Strategic Petroleum Reserve Tapped for the First Time in Five Years
With the release of 4.5 million barrels of crude oil, Energy Secretary Perry expects to see just a two-week disruption in gas prices.
On September 1, amid fears of gasoline shortages and rising gas costs in the wake of Harvey, the Department of Energy approved a release of 4.5 million barrels of crude oil from the Strategic Petroleum Reserve. This is the first emergency withdrawal from the reserve in five years. The most recent emergency drawdown, in 2012, was in response to another hurricane, Isaac.

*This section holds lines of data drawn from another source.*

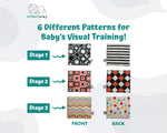 Stage 1 (0-3 months) - Black and white patterns activate the baby's visual nervous system. These patterns stimulate the development of the optic nerves of your newborn baby.
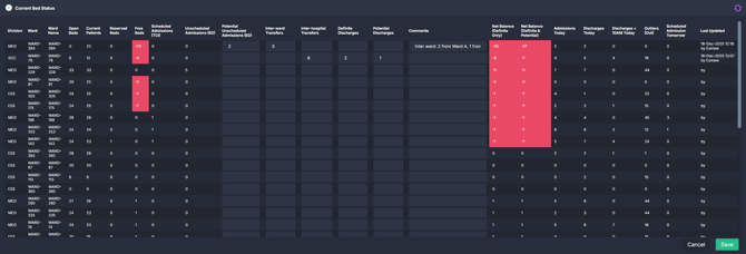 | Net Balance (Definite Only) | The ward’s current bed balance using confirmed information only from the source system and user input. | Open Beds minus Current Patients, Reserved Beds, Scheduled Admissions (TCI), Unscheduled Admissions (ED), Inter-ward Transfers, Inter-hospital Transfers plus Definite Discharges |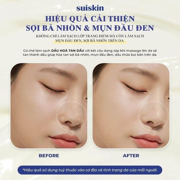 - Sử dụng thường xuyên Suiskin Blooming Canola Cleansing Balm giúp da thông thoáng, sạch sâu, hạn chế bít tắc lỗ chân lông – nguyên nhân gây mụn, mang lại làn da sáng khỏe và mịn màng hơn.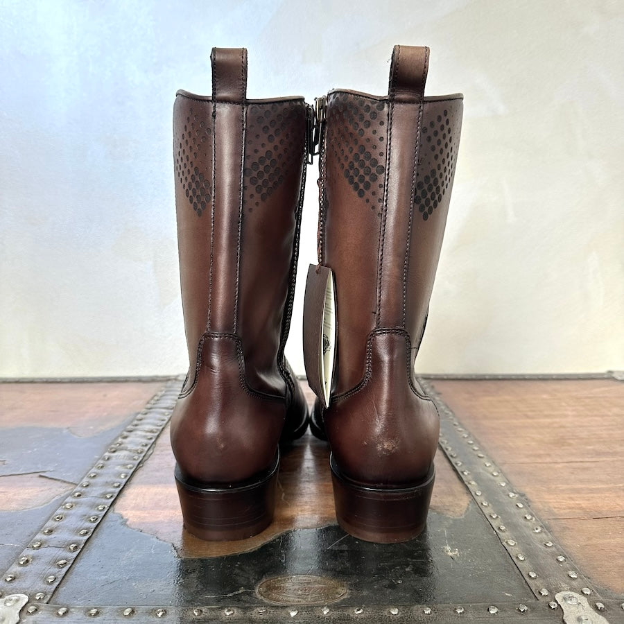 Wipe with a soft and slightly damp cloth (with clean water) to remove dust; let it dry, apply color cream, and then polish with a smooth and dry cloth. It is essential not to shoe shine the boot; otherwise, the natural touch and appearance could be damaged.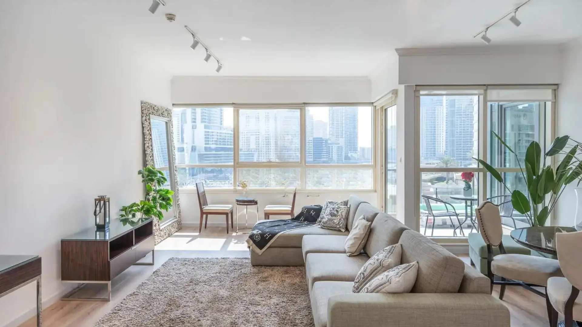 The building offers a range of amenities and features, such as visitor parking for the community, direct access to the scenic Marina Walk, a shared gym and swimming pool, and the added convenience of being within walking distance of both the Metro and Tram Station. Closeness to local shops and restaurants and a mere 5-minute walk to the vibrant JBR Walk make this an even more desirable location. Additional highlights include a fitness club, outdoor terraces, beautifully landscaped courtyards, private gardens, and the reassurance of 24-hour security and concierge services. For leisure and entertainment, residents can enjoy playing rooms and a Hollywood-style home theater setting, adding to the charm of this residential complex.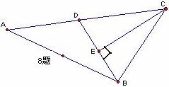 ⒏如图,CE平分∠ACB,且CE⊥DB,∠DAB=∠DBA,又知AC=18,△CDB的周长为28,那么BD的长为(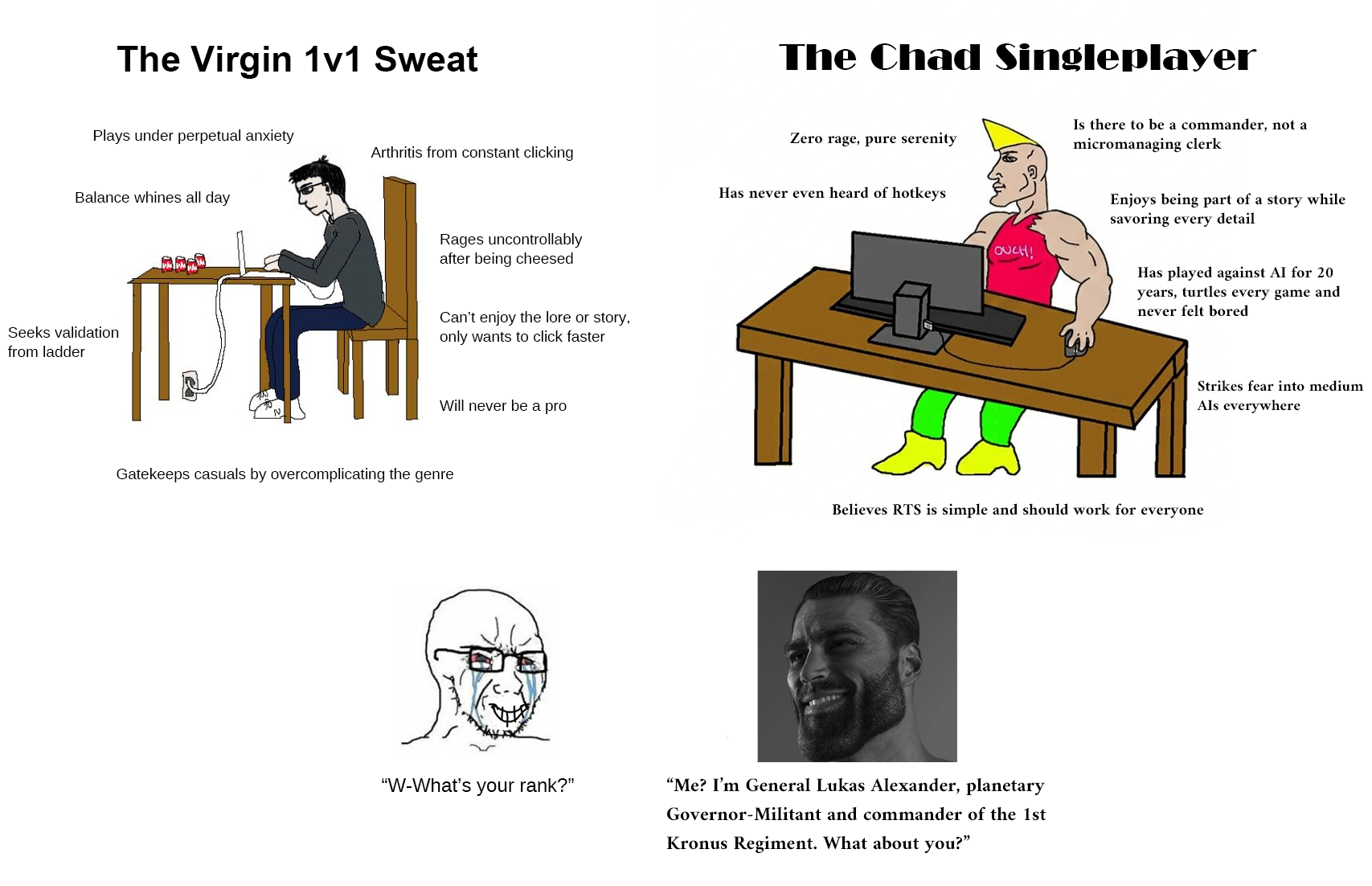 Now that the dust has settled, how would you rank the Warhammer factions based on Dawn of War alone?For me, it's1) Imperial GuardCarried by Dark Crusade and Soulstorm, glad I haven't played Winter Assault first, WA had the worst IG who only existed to be humiliated by Eldar, and some old ass boomer with no rizz and no commanding aura2) Necrons (Dark Crusade)The only good Necrons in all of Warhammer, according to what I was told ITT, this is how they should be, emotionless machines that don't talk3) OrksConsistently good in all games, only held down by the fact that they never explain why Orks keep following Gorgutz even though he's a beytuh who lost twice in canon already4) CSM (Dark Crusade)Only charismatic iteration of Space Marines, makes them worth playing even though they suck gameplay wise.5) TauGood soundtrack and the units sound cool (the sound effects, not the Tau voice acting) and they're basically a less emasculating version of Eldar.6) Space MarinesAverage, but they had a bit of charisma in Dark Crusade.7) EldarOverpowered gameplay wise but playing as gay space elves don't feel right.8) Sisters of the BottleEven if they dressed like sexy nuns, they would be hard capped in the shit tier just because of the unbearable voice acting from the male units.>"From the lightning, and the tempest, Emperor deliver us!"Hate the line delivery so much.9) CSM (non-Dark Crusade), Necrons (Soulstorm)Saturday morning cartoon villain tier.10) Dark EldarOverpowered by Soulstorm campaign standards, but they're gay space elves mixed with cringy S&M edgy teenager vibes. Almost all their units voice acting is terrible, like Beavis & Butthead trying to sound scary. Despite the description of their torturing and whatnot, they seem 0 threatening to me and completely redundant and nonsensical.>What if we... like epically did degenerate stuff, but not as degenerate like we did the first time, that makes us immune to our degenerate chaos god or something.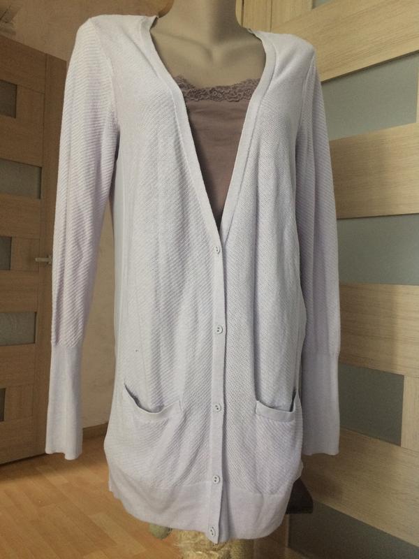 Подовжений кардиган ніжного блідого нюдового лавандового кольору Приємний тонкий трикотаж , з боків і зверху на спинці вставки з напівпрозорого шифону Склад: 60% бавовна та 40% rayon Розмір вказаний L Мірки : плечі 40, рукав 67, ПОГ 49, довжина по спинці 74 см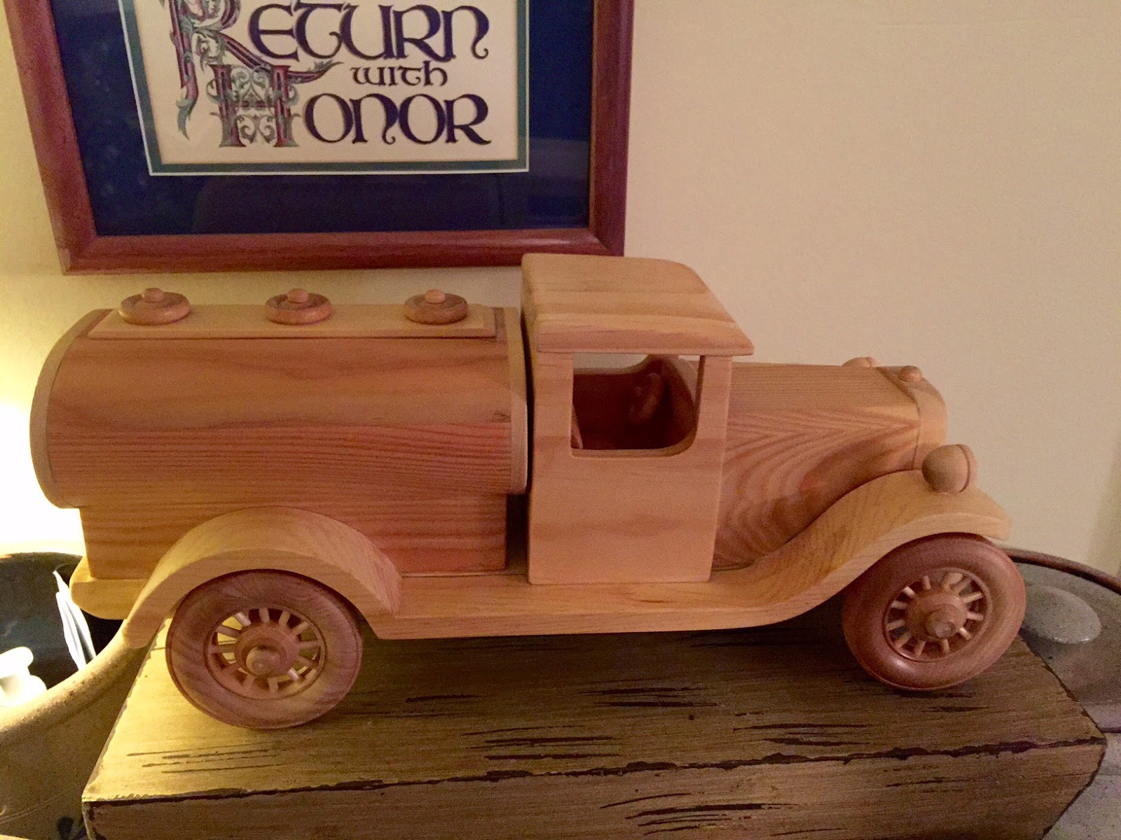 | And, our friend Richard,is a woodworker, and brought us this wonderful wooden truck. It is intricate, and beautiful. |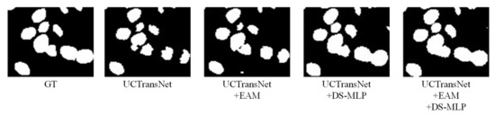 On the MoNuSeg dataset, Dice and IoU are 1.29% and 2.11% higher than the baseline (UCTransNet), respectively. As shown in Figure 10, most of the nucleus boundaries are closely connected, which increases the segmentation difficulty of our model. As can be seen from Figure 10, although the segmentation result of our model is improved compared to the baseline (UCTransNet), it is not very complete compared to the label map. From the fourth row in Figure 10, we derive a set of local enlargements (Figure 11). As shown in Figure 11, the segmentation graph with the DS-MLP module is more complete than that with the EAM module. This is because the DS-MLP module obtains salient features through hierarchical operation, which is better able to avoid the loss of important information. In order to correctly identify the boundary information of the nucleus, the network needs to pay more attention to the extraction of local details. The combination of EAM and DS-MLP can more accurately grasp the nuclear boundary information for local modeling. Thus, the HEA-Net segmentation of the nucleus is complete.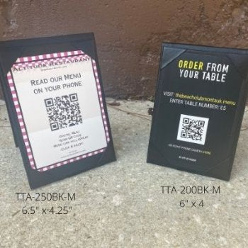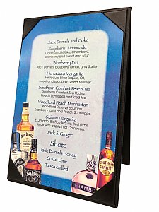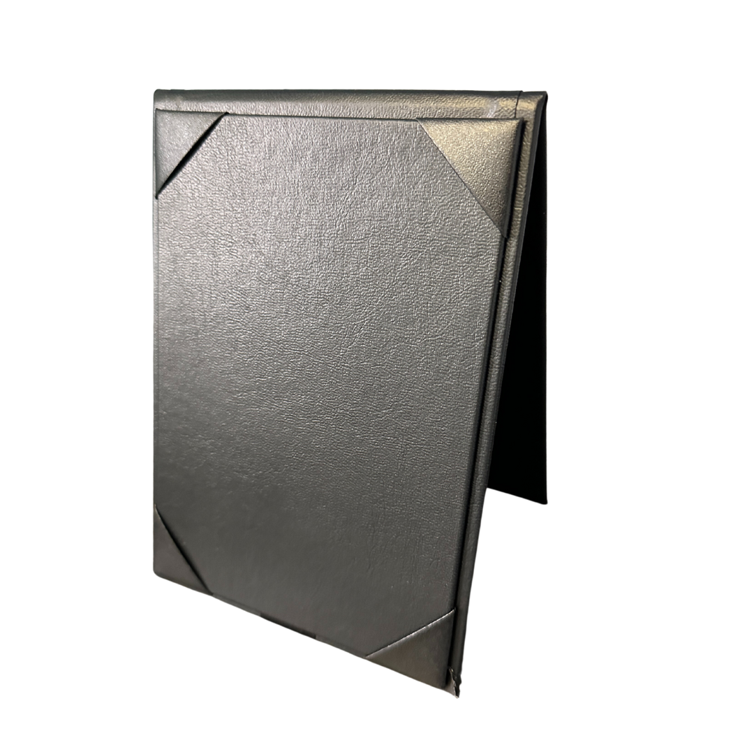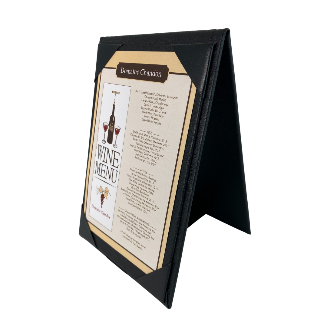 Leatherette A-Frame Table Tents, standard available color is black. The cover and panel cover materials are hi-strength imitation leather that cleans easily with a damp cloth. Woven-edge, satin-finish ribbon corners in a complementary color hold your printed inserts in place. A matching ribbon strap holds the cover open at the base. Board is unpadded. Call for pricing over 300 pieces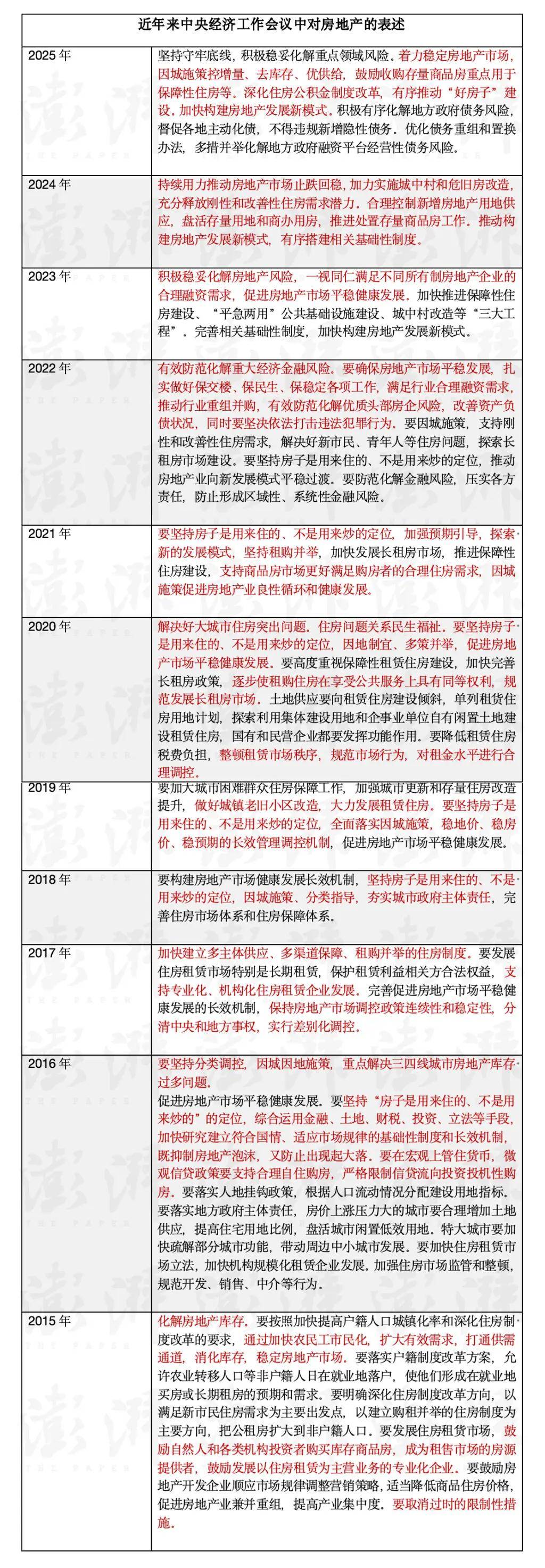 从过去五年来中央经济工作会议涉房内容可以梳理出,“稳楼市”是不变的核心内容。

Was the release warranted? There’s no doubt that Harvey had a massive impact on supply: at the time of the ordered release, 22 percent of U.S. refining capacity was offline because of the hurricane, and Gulf of Mexico oil production was down 13 percent. The effects of these shutdowns loomed beyond the Texas economy: as the refineries and crude-producing sites shuttered and supply dropped, the Colonial Pipeline, which transports gasoline between Houston and the East Coast closed as well (because it lacked the volume of gasoline to keep it flowing). Gas prices soared nationwide, and currently remain at their highest for the year. In Texas, the average cost of a gallon rose 37.2 cents over last month’s average, according to GasBuddy.
It’s possible that we’ve now reached the end of climbing prices. Gulf Coast refineries are restarting processes, with almost all resuming production as of Friday, September 8, and Energy Secretary Rick Perry told Bloomberg that he expected only “two-week bump” in prices from the hurricane.
The reserve, located in four salt caverns in Texas and Louisiana, holds the largest supply of emergency crude oil in the world. Established in 1975 by the federal government to mitigate oil import stoppages and as an instrument in foreign policy, the reserve has been used less frequently in the past decade for import cutoffs and more often for recovery in the wake of natural disasters. In a statement in May, the White House called it “a strategic and economic security against foreign and domestic disruptions in oil supplies.”
The Trump administration proposed to sell off half the Strategic Petroleum Reserve in its 2018 budget. “A smaller SPR is projected to be able to continue to meet international obligations and emergency needs,” the White House stated in a budget document in May. The proceeds from the sale, the administration expects, could reduce the federal deficit by $16.6 billion over the next decade.